Научный «туризм» - Владимир Михайлович Пушкарев
Шрифт:
Интервал:
Закладка:
В этом году, находясь на конференции в почти ему родной Греции, Николай Дмитриевич чуть не оказался в эпицентре политического противостояния. Возвращаясь с пляжа в гостиницу, он случайно оказался в составе толпы протестующей против действий правительства. Пытаясь оторваться от них, он возглавил шествие и попал под камеры фоторепортеров, прославившись на всю страну, как борец за права греческого народа.
И совсем недавно произошел случай, который грех было не отметить в этих правдивых заметках. Николай Дмитриевич прислал отчет о проделанной им работе. На русском языке – в Донецке ситуация с «державною мовою» обстоит еще не столь благополучно, как, например, во Львове. Ему было указано на недопустимость составления официальных документов на иностранном языке. И Николай Дмитриевич, несмотря на всю свою занятость, таки пошел навстречу блюстителям национальных устоев. Отчет был решительно переделан. Название темы и даже слово «Вступ» было исполнено державною мовою. Остальной текст остался без изменений.
P. S. Казалось бы, описанные здесь подлинные факты и события свидетельствуют о неудачливости, невезучести Николая Дмитриевича. Но на самом деле это далеко не так. Невзирая на все препятствия, возникающие на его пути, финал всех его предприятий всегда благополучный.
Наверное, бог любит таких людей.
Академик М. А. Айтхожин
Свою кандидатскую диссертацию в киевском Институте ботаники им. Н. Г. Холодного АН УССР я решил посвятить изучению растительных информосом – новых клеточных субчастиц, только открытых тогда акад. А. С. Спириным в Пущино.
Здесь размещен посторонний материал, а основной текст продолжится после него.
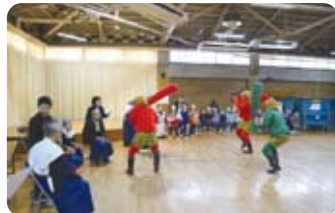
有明こども園との交流会

В момент открытия у него работал М. А. Айтхожин, который, вероятно, и нашел эти информосомы, за что они со Спириным получили Ленинскую премию (иначе в списки выдвиженцев на премию рядовой «гастарбайтер» из Казахстана просто бы не попал). В 1969 году Айтхожин уже имел свою лабораторию в Алма-Ате в местном Институте ботаники, который возглавлял его тесть. Возможно, что и в Москву и в Пущино Айтхожин попал по-родственному, что, однако, вовсе не исключало необходимости работать в Спиринской лаборатории как черный раб.
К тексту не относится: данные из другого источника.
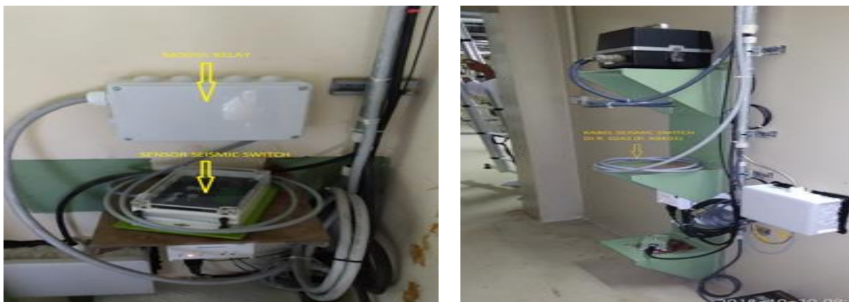
Gambar 4. Titik Pengukuran Basement

RSG-GAS juga dilengkapi sistem deteksi radiasi untuk mengetahui sejak dini apabila terjadi lepasan radioaktif ke lingkungan. Petugas yang bekerja dalam area radioaktif dilengkapi dengan dosimeter personal dan peralatan proteksi radiasi, alat ini berfungsi untuk memberikan informasi nominal besaran radiasi di sekitar petugas bekerja. Sehingga, petugas dapat segera melakukan tindakan tanggap darurat, jika dipertimbangkan radiasi yang diterima pekerja melewati ambang batas 20 mSv per tahun dalam periode 5 tahun, dan 50 mSv dalam 1 tahun tertentu. Selain alat deteksi radiasi yang dimiliki petugas, RSG-GAS juga dilengkapi sistem deteksi radiasi yang dipasang pada ruangan dalam reaktor bertujuan memantau paparan dan aktivitas radiasi di tiap ruang dan sistem diberikan dalam Gambar 5 .
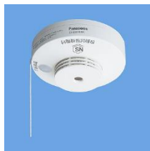
↑住宅用火災警報器

После нескольких тяжелых и неудачных попыток защитить тему работы на заседаниях нашего отдела физиологии растений (термины из молекулярной биологии воспринимались сотрудниками с трудом), мне ее все же утвердили. Современные аспиранты, наверное, и не слышали о такой процедуре, как защита темы, которая по замыслу нашего руководства, давала аспирантам отдела возможность выработать бойцовские качества – совсем не лишние в тогдашней науке.
Условий для выполнения работы в Институте не было, и меня решили направить куда-нибудь подальше, на стажировку. Вначале я съездил в Пущино к А. С. Спирину, и именно он посоветовал мне обратиться к М. А. Айтхожину, так как сам информосомами растений не занимался. Примерно в то же время наша зам. зав. отделом Мусатенко Л. И. встретилась с Муратом Абеновичем в Москве на какой-то конференции, где они коротко поговорили. В результате всех этих встреч, Мусатенко с академиком Сытником К. М. (мой научный руководитель) решили направить меня в Алма-Ату. Написали письмо, в котором умудрились в имени Айтхожина сделать три ошибки (Мусатенко плохо расслышала имя-отчество при знакомстве), что граничило с хамством. Впоследствии, уже в Алма-Ате, Наташа Мартакова рассказала мне, что такие ошибки это обычное дело – слишком уж сложное для уха славян имя у Мурата Абеновича. Тем не менее, после большой паузы и повторного письма, меня все же пригласили, и я в течение около 1,5 лет учился у казахов настоящей науке.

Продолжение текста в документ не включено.